_Problem to solve_: Keep every word the same. Repeat the records without their images.

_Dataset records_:
==========
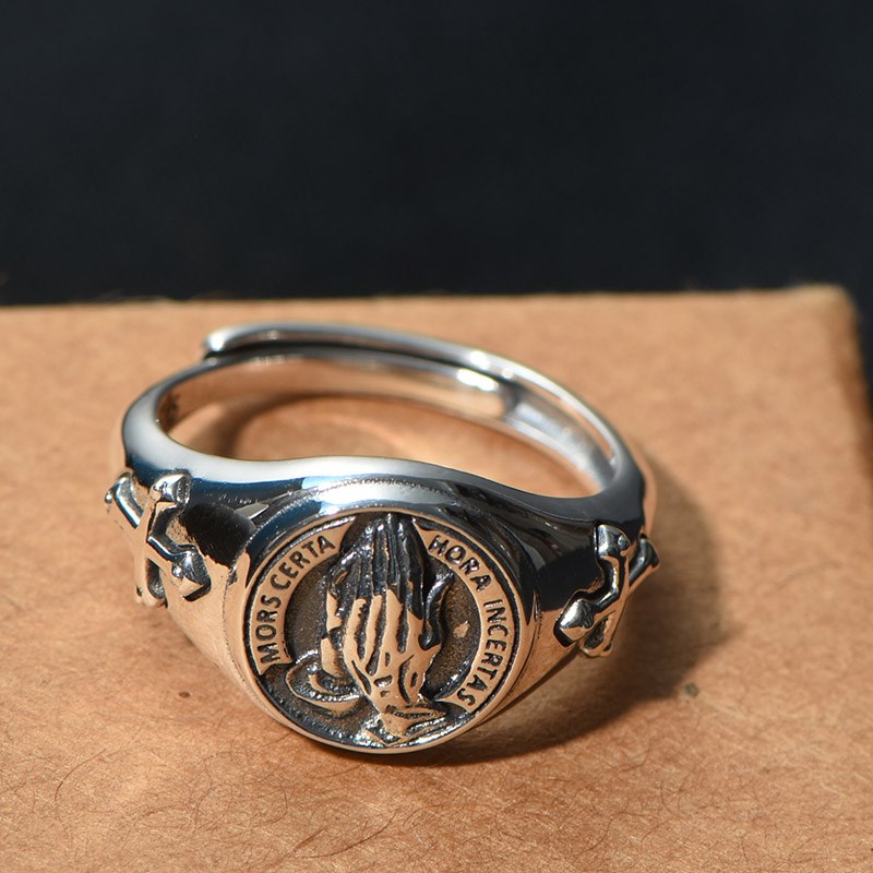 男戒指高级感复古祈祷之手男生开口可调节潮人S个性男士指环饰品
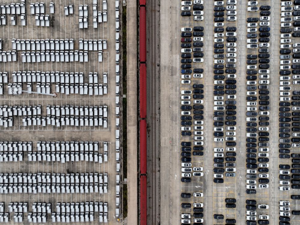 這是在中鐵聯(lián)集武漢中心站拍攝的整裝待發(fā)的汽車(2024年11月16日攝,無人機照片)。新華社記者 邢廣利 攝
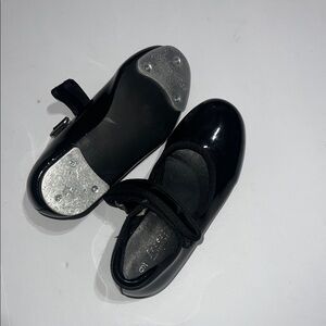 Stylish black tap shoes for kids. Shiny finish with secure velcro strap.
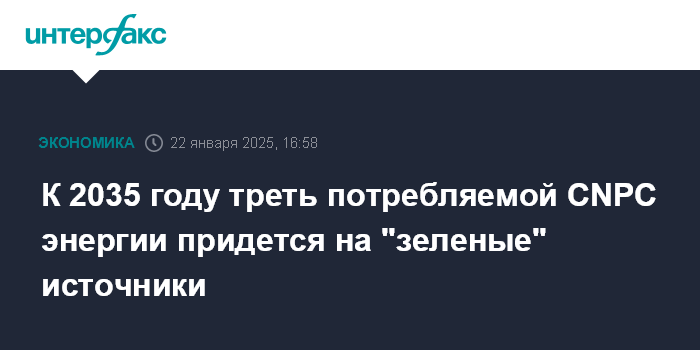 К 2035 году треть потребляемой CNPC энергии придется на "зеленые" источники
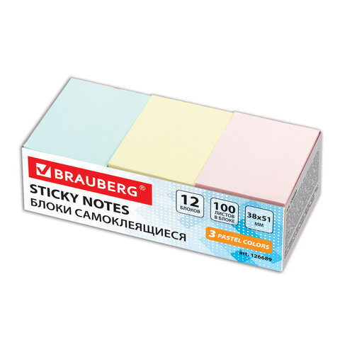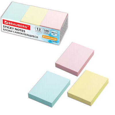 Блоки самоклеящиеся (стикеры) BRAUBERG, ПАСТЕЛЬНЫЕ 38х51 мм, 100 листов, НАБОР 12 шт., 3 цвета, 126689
==========
_Solution below_:
 男戒指高级感复古祈祷之手男生开口可调节潮人S个性男士指环饰品
 這是在中鐵聯(lián)集武漢中心站拍攝的整裝待發(fā)的汽車(2024年11月16日攝,無人機照片)。新華社記者 邢廣利 攝
 Stylish black tap shoes for kids. Shiny finish with secure velcro strap.
 К 2035 году треть потребляемой CNPC энергии придется на "зеленые" источники
 Блоки самоклеящиеся (стикеры) BRAUBERG, ПАСТЕЛЬНЫЕ 38х51 мм, 100 листов, НАБОР 12 шт., 3 цвета, 126689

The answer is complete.